Hier in Europa kennen sich wohl nur die ultimativen Auto-Freaks mit den inneramerikanischen Rennsport-Veranstaltungen aus. Das „Coca-Cola 600“ in der Nähe von Charlotte, North Carolina, ist jedenfalls ein Riesenevent – der Film nimmt den Zuschauer mitten in den jahrmarktartigen Rummel mit. Wo so viele Leute sind, ist auch viel Geld. Und Jimmy erinnert sich, daß das ganze Gelände von Gängen und Schächten unterminiert ist. Und dort liegt in einem Tresor sehr, sehr viel Geld. Aber die Logans kennen sich vielleicht mit krimineller Strategie aus – für den Raub brauchen sie einen Fachmann.
Das ist Joe Bang in Gestalt eines strohblonden Daniel Craig: Wenn er gewünscht hat, mit dieser Rolle sein James-Bond-Image (das ja immer cooler und eleganter geworden ist) zu zerstören – er ist erfolgreich. Was er hier abzieht, mit einem Wahnsinns-Akzent, der die Sprache der anderen noch unterbietet (und sie ist katastrophal, fordert das scharfe Ohr des Englisch-sprechenden Ausländer), ist einfach eine irr-komödiantische Show, und so sehr Sonderbergh nie vergißt, daß er von armen Leuten erzählt – lachen darf man über die Geschichte ja doch.
 
Craig in der gestreiften Sträflingskluft im Gefängnis (zum Brüllen komisch, ob brav mit Essenstablett, ob beim „Workout“), ist bereit, mitzumachen – und das sicherste ist, wenn er sich mal kurz aus dem Gefängnis entfernt und längst wieder da ist, wenn die Geschichte auffliegt.

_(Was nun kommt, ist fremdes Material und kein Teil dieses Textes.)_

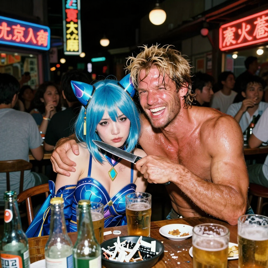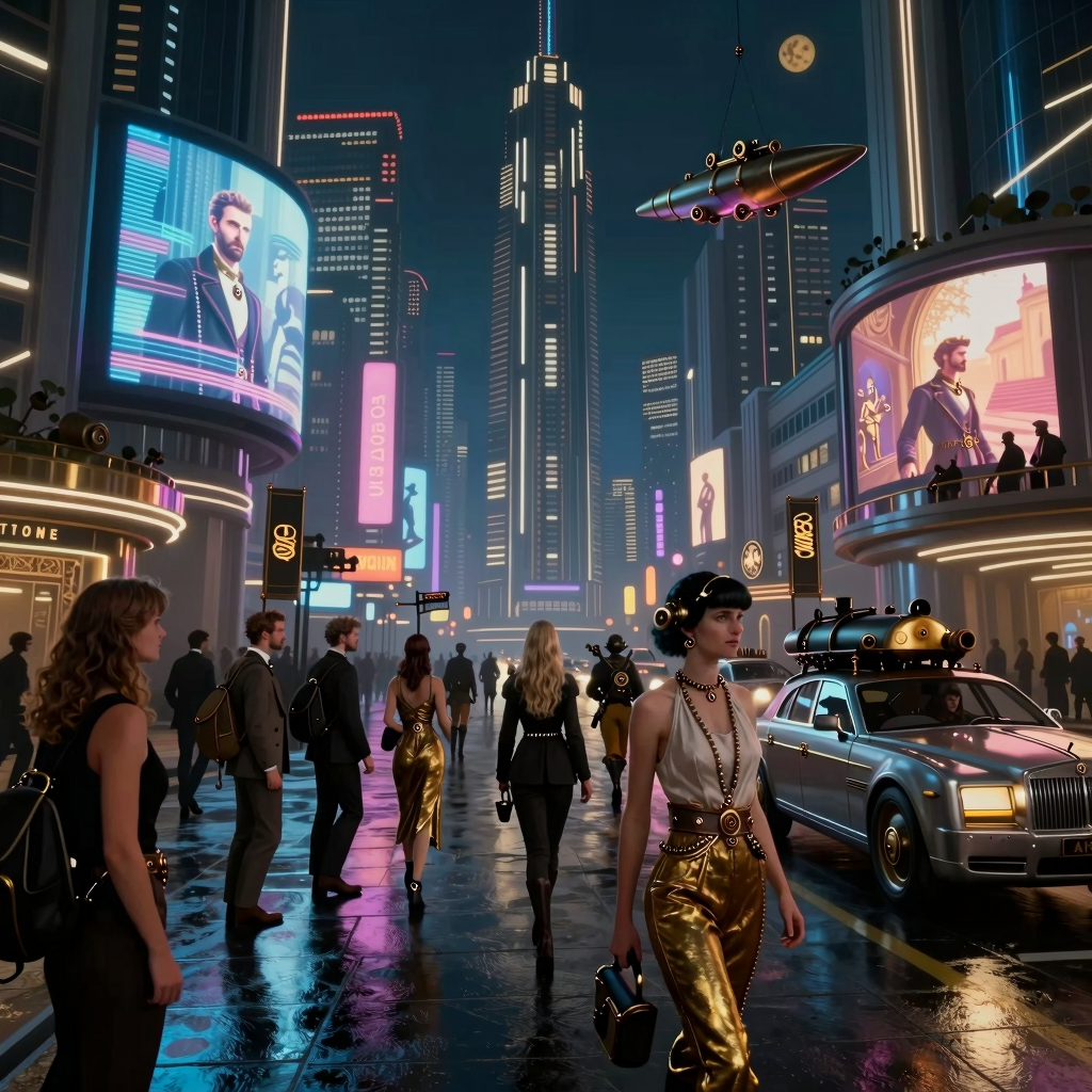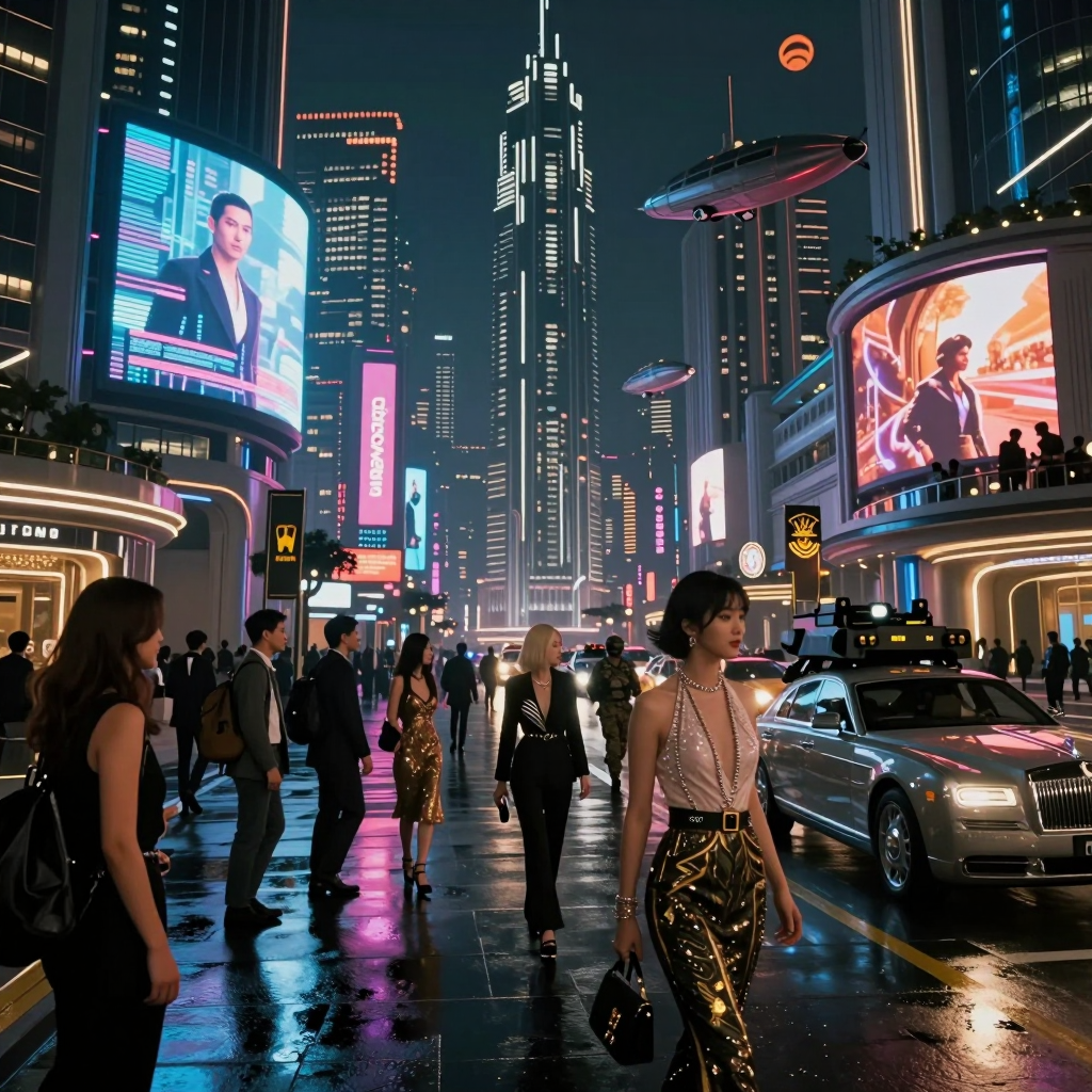 >>1443322 Да, беру промпты у ллмки > A highly detailed cyberpunk future cityscape at night with a crowd of people living in luxury under a strict authoritarian regime. Neon lights reflecting off wet streets, advanced technology with holographic advertisements, people wearing high-tech fashion and expensive accessories. Authoritarian symbols on buildings, military presence with armored vehicles patrolling. Luxury cars and airships hovering above, opulent skyscrapers with exclusive clubs and casinos. Sharp contrast between wealth and control, cinematic lighting, 8k, photorealistic style Сначала дура проигнорировала часть промпта, затем подменила азиатов на людей, после чего действительно нарисовала по теме. А рисованные изображения нейронка не любит > happy old man

Was hier mit Krankenstation und getürkten Häftlingskrawallen abgezogen wird (da ist ein verkleideter Clyde behilflich), ist mehr spaßig als spannend.
Während „oben“ unter Karacho das Rennen läuft, wird der Raub im Untergeschoß als Familienunternehmen durchgezogen (Millie sitzt am Steuer des Fluchtautos) – und der Safeknacker liegt rechtzeitig mit Unschuldsmiene in der Krankenstation des Gefängnisses, so genau muß man das alles nicht bewiesen und gezeigt bekommen, es geht eher um Pointe und Klamotte als um Krimi.
Irgendwie freut man sich, daß die Logans nicht erwischt werden. Es gibt ein verhältnismäßiges langes „Nachspiel“, in dem auch Hilary Swank als FBI-Agentin auftaucht, entsprechend ärgerlich, weil sie nichts beweisen kann. Und am Ende sieht man sich mit Milieu und Humor, mit Genrebild und einer Arbeiterklasse-Version von Sonderberghs chicen Gaunerfilmen bedient. Ein Regisseur, der immer für Überraschungen gut ist.